Info Collectif VAN - www.collectifvan.org - Le Collectif VAN vous propose de redécouvrir cet article paru le 10 mars 2007 sur The Economist et que nous avions porté à votre connaissance le 15 mars 2007.



Un nationalisme virulent menace de déchirer le pays fragilisé


The Economist
(10 Mars 2007)

Assis dans un bureau couvert de bannières ottomanes, de portraits d’Atatürk et du drapeau turc, Kemal Kerincsiz, un avocat, dit que sa mission dans la vie est de protéger la nation turque de "l’impérialisme occidental et des forces mondiales qui veulent nous démembrer et nous détruire."
Au cours de ces deux dernières années, Kerincsiz et son Union des Juristes turcs ont initié une série de procès contre des intellectuels turcs, usant de l’Article 301 du code pénal qui fait de "l’insulte à la turcité" un crime pénal.
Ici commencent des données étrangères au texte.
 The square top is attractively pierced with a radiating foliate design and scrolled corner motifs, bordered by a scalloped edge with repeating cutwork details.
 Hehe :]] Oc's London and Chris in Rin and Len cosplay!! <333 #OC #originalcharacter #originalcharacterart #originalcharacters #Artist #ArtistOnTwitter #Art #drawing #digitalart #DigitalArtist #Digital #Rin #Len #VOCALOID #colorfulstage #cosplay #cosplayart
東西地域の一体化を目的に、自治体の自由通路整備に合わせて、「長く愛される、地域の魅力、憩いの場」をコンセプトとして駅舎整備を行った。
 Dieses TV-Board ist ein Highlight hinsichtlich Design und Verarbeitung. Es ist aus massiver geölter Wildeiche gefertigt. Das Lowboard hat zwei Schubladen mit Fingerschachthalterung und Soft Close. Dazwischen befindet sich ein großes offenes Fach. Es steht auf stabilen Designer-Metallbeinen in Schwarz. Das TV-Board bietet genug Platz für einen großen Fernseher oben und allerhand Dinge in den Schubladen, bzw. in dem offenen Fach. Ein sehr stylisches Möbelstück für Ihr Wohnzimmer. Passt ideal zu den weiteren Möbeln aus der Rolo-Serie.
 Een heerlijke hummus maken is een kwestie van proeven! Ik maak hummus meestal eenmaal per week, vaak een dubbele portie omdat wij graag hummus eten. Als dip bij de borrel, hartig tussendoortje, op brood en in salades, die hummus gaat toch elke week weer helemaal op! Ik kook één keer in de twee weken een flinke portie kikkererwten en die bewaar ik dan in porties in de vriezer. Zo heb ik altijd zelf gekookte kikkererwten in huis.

Kerincsiz a confiné son nationalisme dans les tribunaux. Mais ailleurs, de nouveaux groupe d’ultranationalistes, certains dirigés par des officiers de l’armée à la retraite, ont juré sur des armes et le Coran de rendre les Turcs "les maîtres du monde" et même "de mourir et de tuer" dans le processus.
En janvier, l’une des cibles de Kerincsiz, le directeur turco-arménien d’un journal, Hrant Dink, a été abattu par Ogun Samast, 17 ans, parce qu’il avait "insulté les Turcs." Le meurtre, en plein jour, dans une des rues les plus animées d’Istanbul, a été la manifestation glaçante de la résurgence du nationalisme xénophobe dirigé contre les minorités non musulmanes de Turquie et les Kurdes -- plus leurs défenseurs dans l’élite libérale.
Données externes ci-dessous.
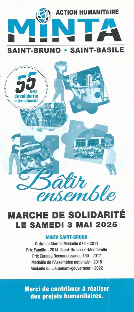 La Marche à travers les rues de Saint-Bruno-de-Montarville, d’une distance d’environ 5,5 kilomètres, se veut une expression de notre solidarité à l’égard des personnes pauvres vivant dans des pays en développement. Elle s’inscrit aussi dans notre campagne de sensibilisation et de financement annuel.
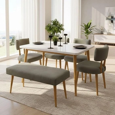 ترابيزة سفرة هوم ارت خشبية مع 4 كراسي وبانكيت - 160×80 سم بيج/أوف وايت
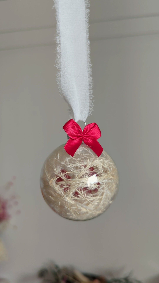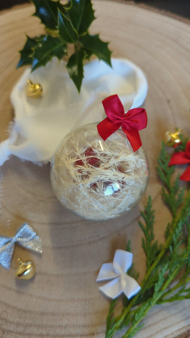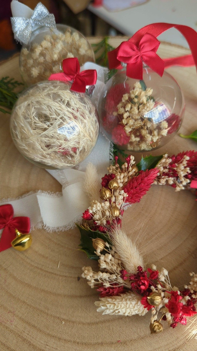 Ces boules transparentes en verre, garnies de fleurs séchées et stabilisées, transforment votre sapin en une véritable œuvre unique. Chaque création est faite à la main, avec des fleurs soigneusement choisies pour refléter l’esprit de Noël : chaleur, authenticité et poésie.
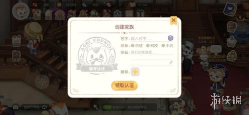 6、在创建家族的步骤中,你需要输入家族名称,选择一个派系,并填写家族宗旨。完成这些步骤后,点击领取认证按钮,你的家族就正式创建成功了。
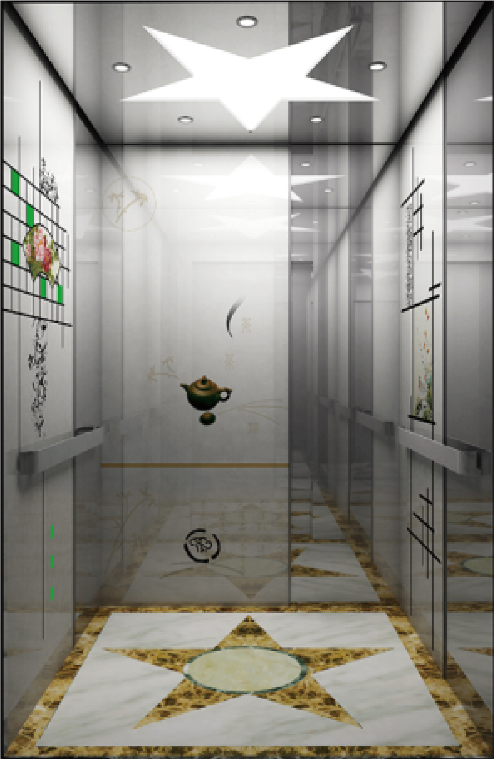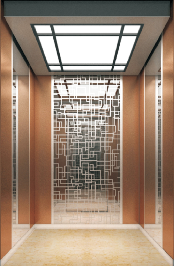 Cabin Side Wall: Stainless Steel with titanium black mirror, solide wood finished. Cabin Rear Wall: Stainless Steel with titanium black
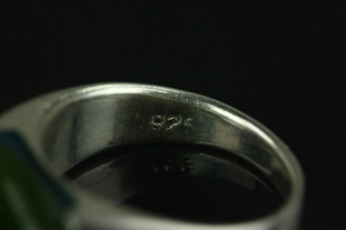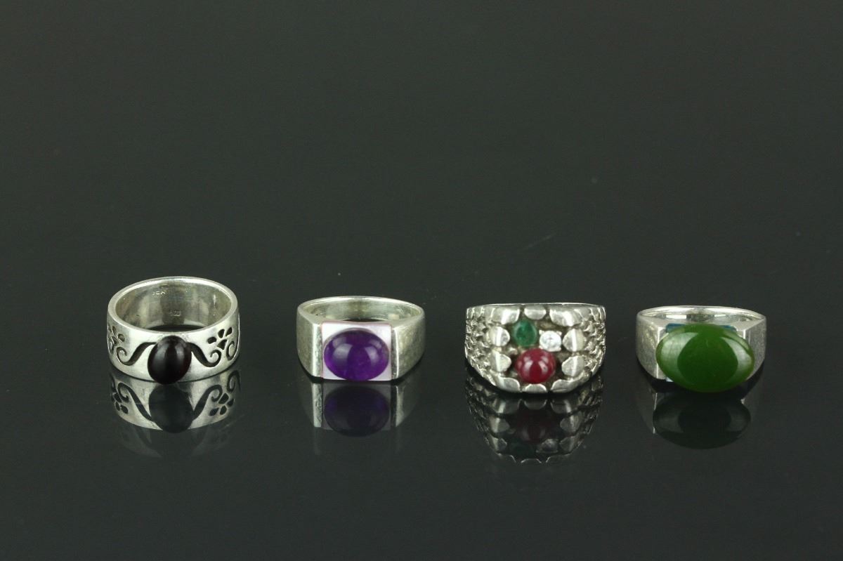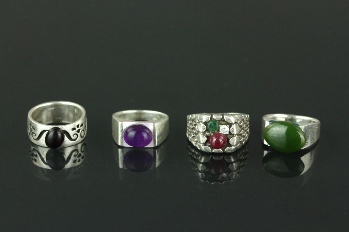 Four pieces of Chinese silver rings; inlaid with various coloured gemstones; with 925 mark on the interior; Ring Size: 8, 6 and 6.5, 23 grams total

La recrudescence menace de faire disparaître les bienfaits de quatre années de réformes effectuées par le gouvernement à tendance islamiste modéré, dirigé par Recep Tayyip Erdogan. Et de fait, c’est en partie en réponse à ces réformes -- davantage de liberté pour les Kurdes, une légère coupe dans les pouvoirs de l’armée, des concessions sur Chypre -- que les passions nationalistes ont resurgi.

De savoir que de nombreux pays de l’Union européenne ne veulent pas que la Turquie en devienne membre les a enflammé davantage (l’UE a partiellement suspendu les négociations d’adhésion avec la Turquie en décembre, en raison de son refus d’ouvrir ses ports et son espace aérien aux Chypriotes grecs).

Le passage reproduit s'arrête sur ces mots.